INPUT DATA –

+ + + + + + +

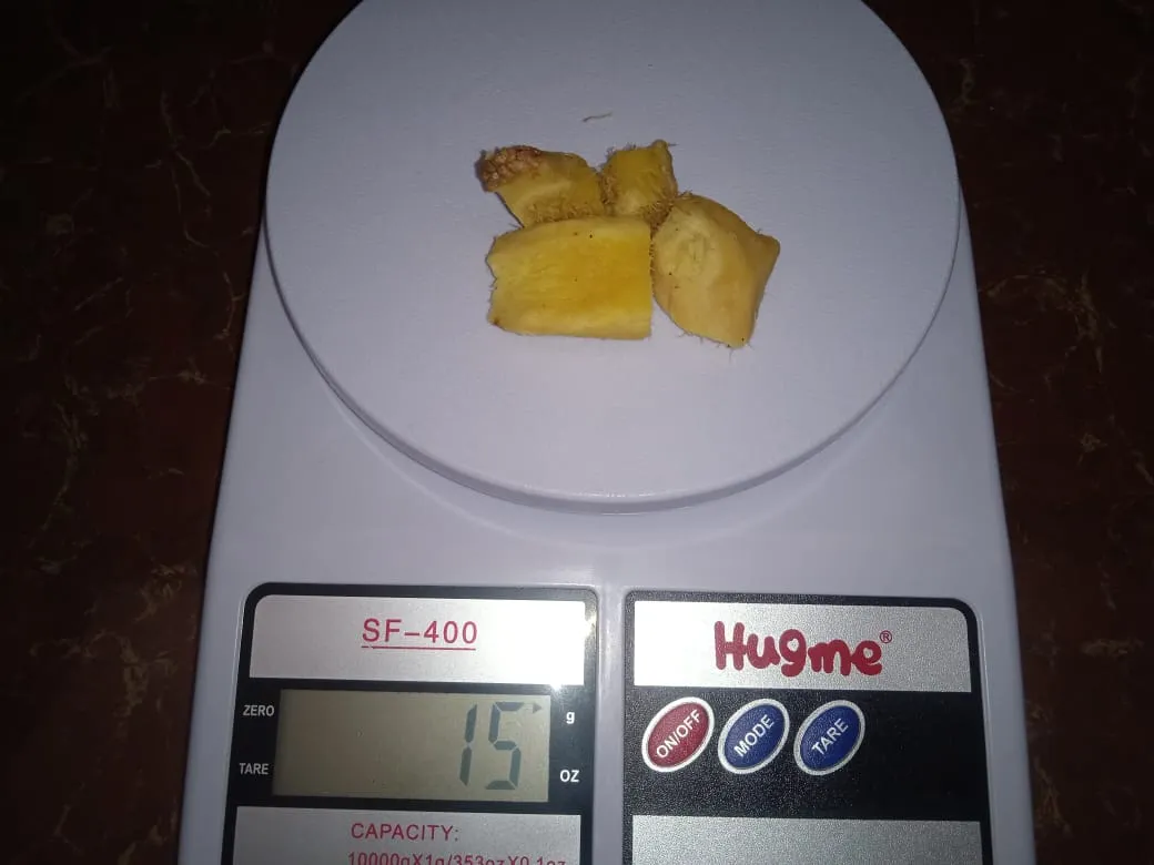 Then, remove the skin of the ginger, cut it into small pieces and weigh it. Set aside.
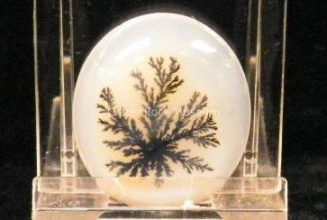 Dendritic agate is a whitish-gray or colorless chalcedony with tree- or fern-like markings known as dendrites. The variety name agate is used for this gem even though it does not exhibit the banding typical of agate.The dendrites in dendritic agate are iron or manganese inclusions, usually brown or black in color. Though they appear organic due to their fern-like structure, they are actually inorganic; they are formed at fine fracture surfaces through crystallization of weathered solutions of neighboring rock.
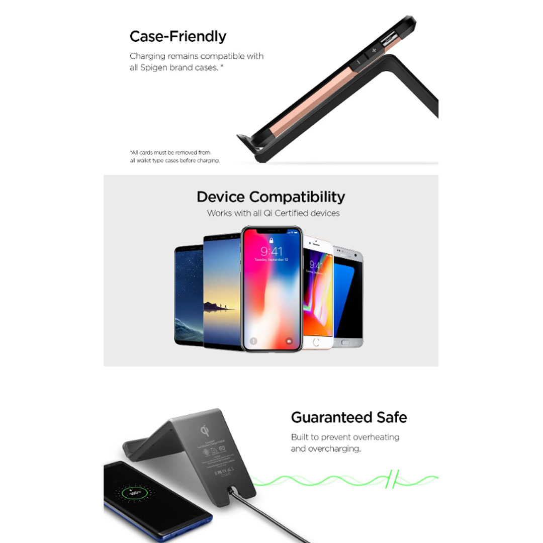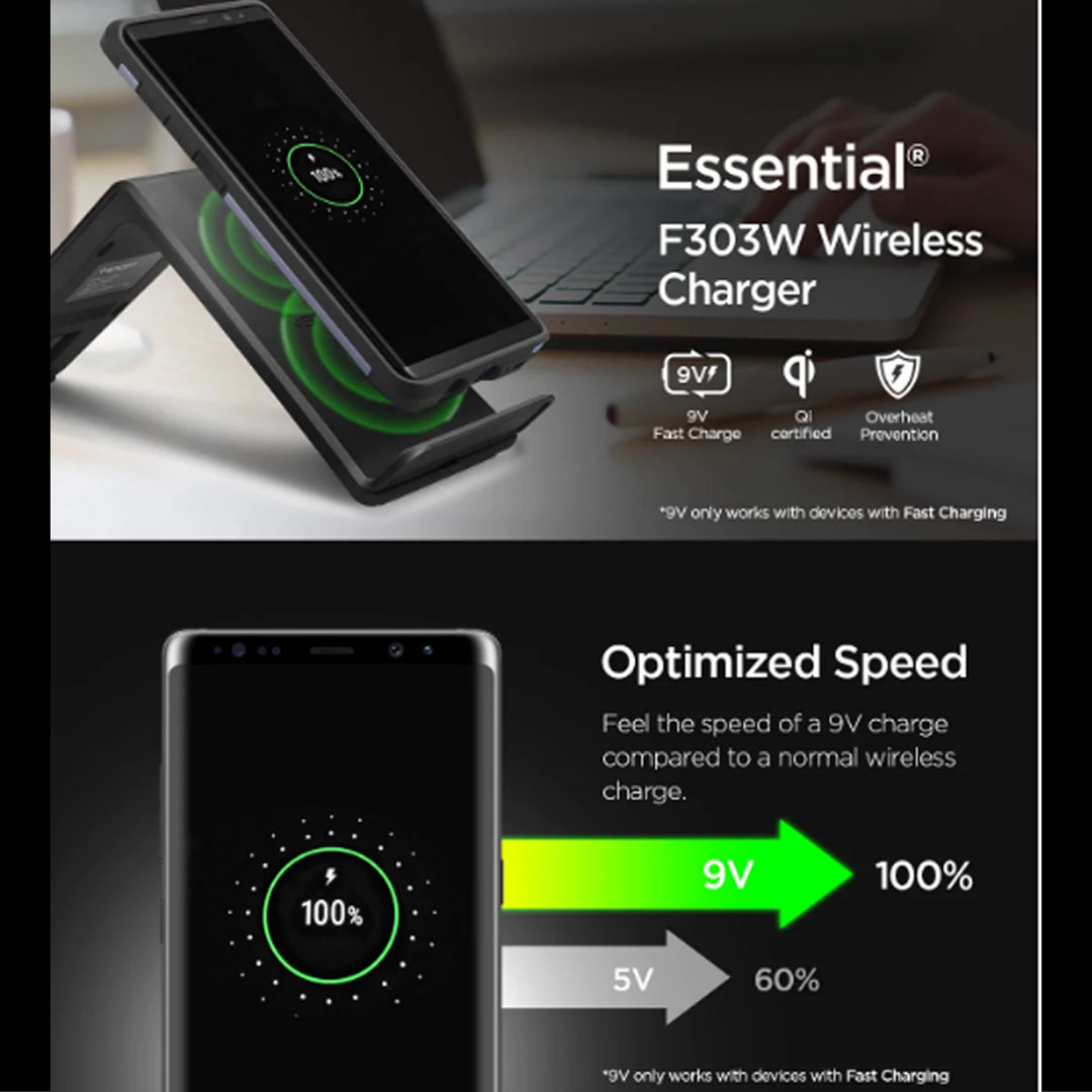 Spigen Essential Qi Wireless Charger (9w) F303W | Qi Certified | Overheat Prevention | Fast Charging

+ + + + + + +

PROBLEM DESCRIPTION –
Each line of the data needs to be output exactly, with any image excluded.

EXERCISE RESPONSE –
 Then, remove the skin of the ginger, cut it into small pieces and weigh it. Set aside.
 Dendritic agate is a whitish-gray or colorless chalcedony with tree- or fern-like markings known as dendrites. The variety name agate is used for this gem even though it does not exhibit the banding typical of agate.The dendrites in dendritic agate are iron or manganese inclusions, usually brown or black in color. Though they appear organic due to their fern-like structure, they are actually inorganic; they are formed at fine fracture surfaces through crystallization of weathered solutions of neighboring rock.
 Spigen Essential Qi Wireless Charger (9w) F303W | Qi Certified | Overheat Prevention | Fast Charging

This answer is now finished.